Consider the two lines given by

$$L_1: \frac{x-\lambda}{2} = \frac{y-4}{3} = \frac{z-3}{4}$$ (direction $$\vec{d_1} = (2,3,4)$$, point $$A = (\lambda,4,3)$$)

$$L_2: \frac{x-2}{4} = \frac{y-4}{6} = \frac{z-7}{8}$$ (direction $$\vec{d_2} = (4,6,8)$$, point $$B = (2,4,7)$$)

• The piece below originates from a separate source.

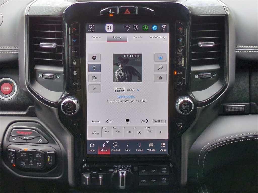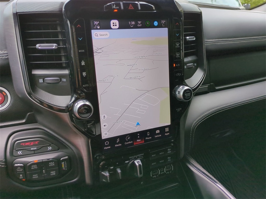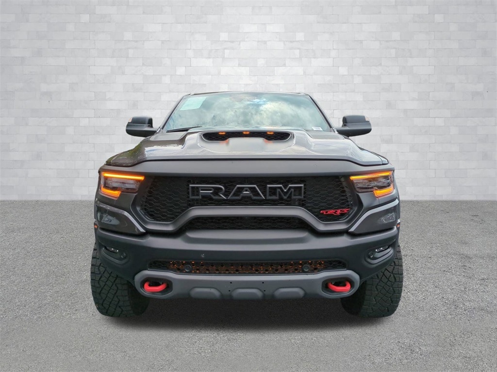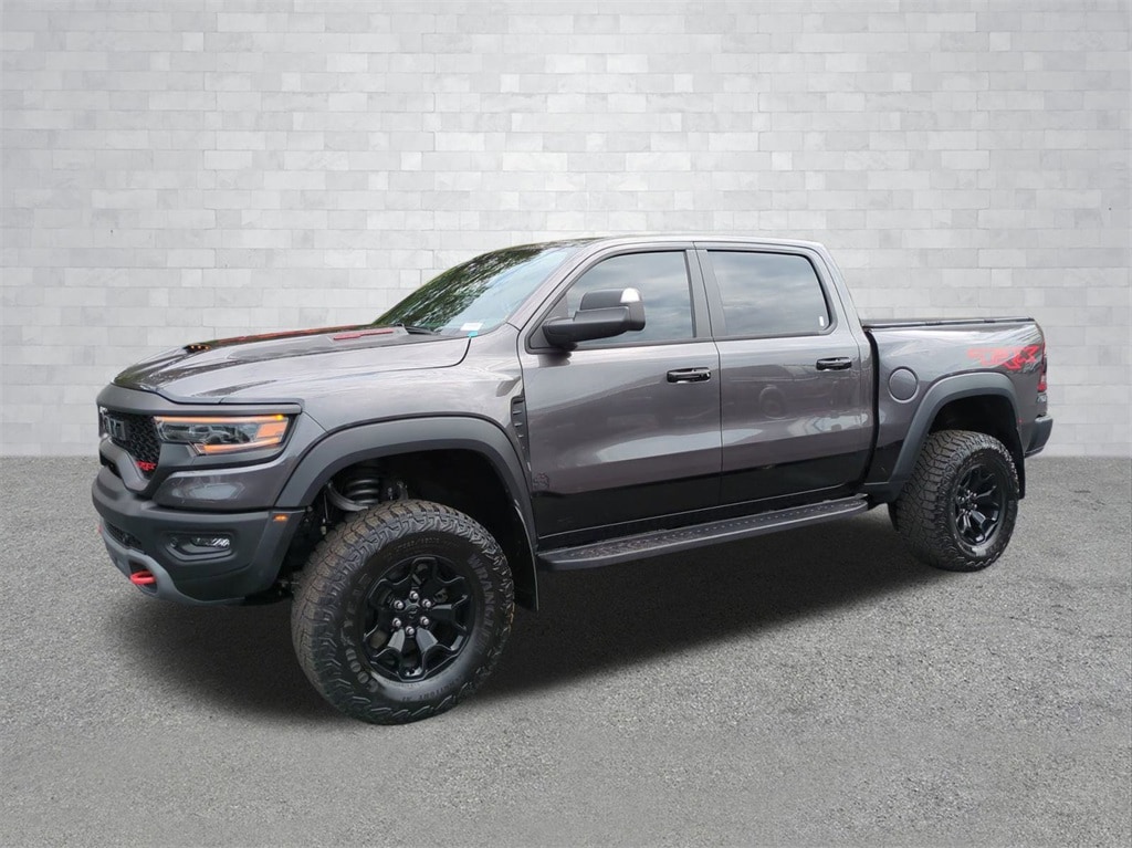 Granite Crystal Metallic Clearcoat 2023 Ram 1500 TRX 4WD 4WD TRX 4WD 12" LCD Productivity Touchscreen, Adaptive Suspension, Android Auto, Apple Carplay, Backup Camera, Blind Spot Monitoring, Bluetooth w/ Audio Streaming, Cold Weather Package, Front & Rear Park Assist, Front Pedestrian Braking, Hill Descent Control, Lane Keeping System, Leather Seats, LED Foglights, Memory Package, Multimedia Package, Off Road Package, Parking Sensors, Performance Handling Package, Performance Package, Power Mirror Package, Power Package, Power Sliding Rear Window, Preferred Equipment Package, Premium Audio Package, Premium Sound Package, Pro Trailer Backup Assist, Pro Trailer Hitch Assist, Push Button Start, Rear Cross Traffic Alert, Remote Start, Reverse Brake Assist, Reverse Sensing, Safety Package, Skid Plate Package, Tow Package, Trailer Package, TUNER, Upgraded Exhaust, 4D Crew Cab, 6.2L Supercharged HEMI V8 SRT, 8-Speed Automatic, 4WD, #2 Seat Foam Cushion, 2-Door Passive Entry, Front Door Locks, 4 Way Front Headrests, 4-Wheel Disc Brakes, ABS brakes, Accent Color Door Handles, Adaptive Cruise Control w/Stop & Go, Advanced Safety Group, Apple CarPlay/Android Auto, Auto High-beam Headlights, Auto-dimming door mirrors, Auto-dimming Rear-View mirror, Automatic temperature control, Black Exterior Mirrors, Black Power-Fold Trailer Tow Mirrors, Blind Spot & Cross Path Detection, Bucket Seats, Center Console Parts Module, Compass, Delay-off headlights, Digital Rearview Mirror, Driver Seat Memory, Driver/Passenger Wrapped Assist Handles, Electronic Stability Control, Exterior Mirrors Courtesy Lamps, Exterior Mirrors w/Heating Element, Exterior Mirrors w/Memory, Exterior Mirrors w/Supplemental Signals, Front Center Armrest w/Storage, Front Door Accent Lighting, Front dual zone A/C, Front fog lights, Front Seat Back Map Pockets, Front wheel independent suspension, Full Length Premium Upgraded Floor Console, Fully automatic headlights, harman/kardon 19 Speaker Premium Sound, Heads-Up Display, Heated door mirrors, Heated Front Seats, Heated Second Row Seats, Heated Steering Wheel, Illuminated entry, IP LED Ambient Light Pipe, Lane Keep Assist, Leather Shift Knob, Leather steering wheel, Leather Trimmed Bucket Seats, Leather/Suede Flat-Bottom Steering Wheel, LED CHMSL Lamp, Low tire pressure warning, Luxury Front Door Trim Panel, Mirror Clearance/Running Lights, Mirror-Mounted Aux Reverse Lamps, MOPAR Bright Pedal Kit, MOPAR Off-Road Style Running Boards, Navigation System, Outside temperature display, Overhead console, ParkSense Front/Rear Park Assist w/Stop, ParkView Rear Back-Up Camera, Pedestrian Emergency Braking, Pick-Up Box Lighting, Power 4-Way Driver Lumbar Adjust, Power 4-Way Passenger Lumbar Adjust, Power 8-Way Driver & Passenger Seats, Power Adjustable Pedals w/Memory, Power door mirrors, Power-Folding Mirrors, Premium Wrapped IP Bezel, Quick Order Package 29Y, Radio data system, Radio: Uconnect 5 Nav w/12.0" Display, Radio/Driver Seat/Mirrors/Pedals Memory, Rain Sensitive Windshield Wipers, Rear 60/40 Folding Seat, Rear 60/40 Folding Split Recline Seat, Rear Door Accent Lighting, Rear seat center armrest, Rear step bumper, Rear Underseat Compartment Storage, Rear Window Defroster, Remote keyless entry, Remote Tailgate Release, Sport steering wheel, Steering wheel mounted audio controls, Sun Visors w/Illuminated Vanity Mirrors, Surround View Camera System, Tailgate Ajar Warning Lamp, Telescoping steering wheel, Tilt steering wheel, Traction control, Trailer Brake Control, Trailer Reverse Steering Control, Trailer Tow Mirrors, Trip computer, TRX Level 2 Equipment Group, Turn signal indicator mirrors, Universal Garage Door Opener, Ventilated Front Seats, Ventilated Rear Seats, Wheels: 18" x 9" Black Paint/Polish Aluminum, Wireless Chargi

Since $$\vec{d_2} = 2\vec{d_1}$$, the two lines are parallel. For parallel lines, the shortest distance is given by

$$d = \frac{|\vec{AB} \times \vec{d_1}|}{|\vec{d_1}|}$$

Here, $$\vec{AB} = B - A = (2-\lambda, 0, 4)$$ and

$$\vec{AB} \times \vec{d_1} = \begin{vmatrix} \hat{i} & \hat{j} & \hat{k} \\ 2-\lambda & 0 & 4 \\ 2 & 3 & 4 \end{vmatrix}$$

$$= \hat{i}(0 \cdot 4 - 4 \cdot 3) - \hat{j}((2-\lambda) \cdot 4 - 4 \cdot 2) + \hat{k}((2-\lambda) \cdot 3 - 0 \cdot 2)$$

$$= \hat{i}(-12) - \hat{j}(8-4\lambda-8) + \hat{k}(6-3\lambda)$$

$$= -12\hat{i} + 4\lambda\hat{j} + (6-3\lambda)\hat{k}$$

It follows that

$$|\vec{AB} \times \vec{d_1}| = \sqrt{144 + 16\lambda^2 + (6-3\lambda)^2} = \sqrt{144 + 16\lambda^2 + 36 - 36\lambda + 9\lambda^2}$$

$$= \sqrt{25\lambda^2 - 36\lambda + 180}$$

and

$$|\vec{d_1}| = \sqrt{4+9+16} = \sqrt{29} \,.$$

Thus the distance is

$$d = \frac{\sqrt{25\lambda^2 - 36\lambda + 180}}{\sqrt{29}} = \frac{13}{\sqrt{29}}$$

Squaring both sides gives

$$25\lambda^2 - 36\lambda + 180 = 169$$

$$25\lambda^2 - 36\lambda + 11 = 0$$

Using the quadratic formula,

$$\lambda = \frac{36 \pm \sqrt{1296 - 1100}}{50} = \frac{36 \pm \sqrt{196}}{50} = \frac{36 \pm 14}{50}$$

$$\lambda = \frac{50}{50} = 1 \quad \text{or} \quad \lambda = \frac{22}{50} = \frac{11}{25}$$

From the options, $$\lambda = 1$$ is available.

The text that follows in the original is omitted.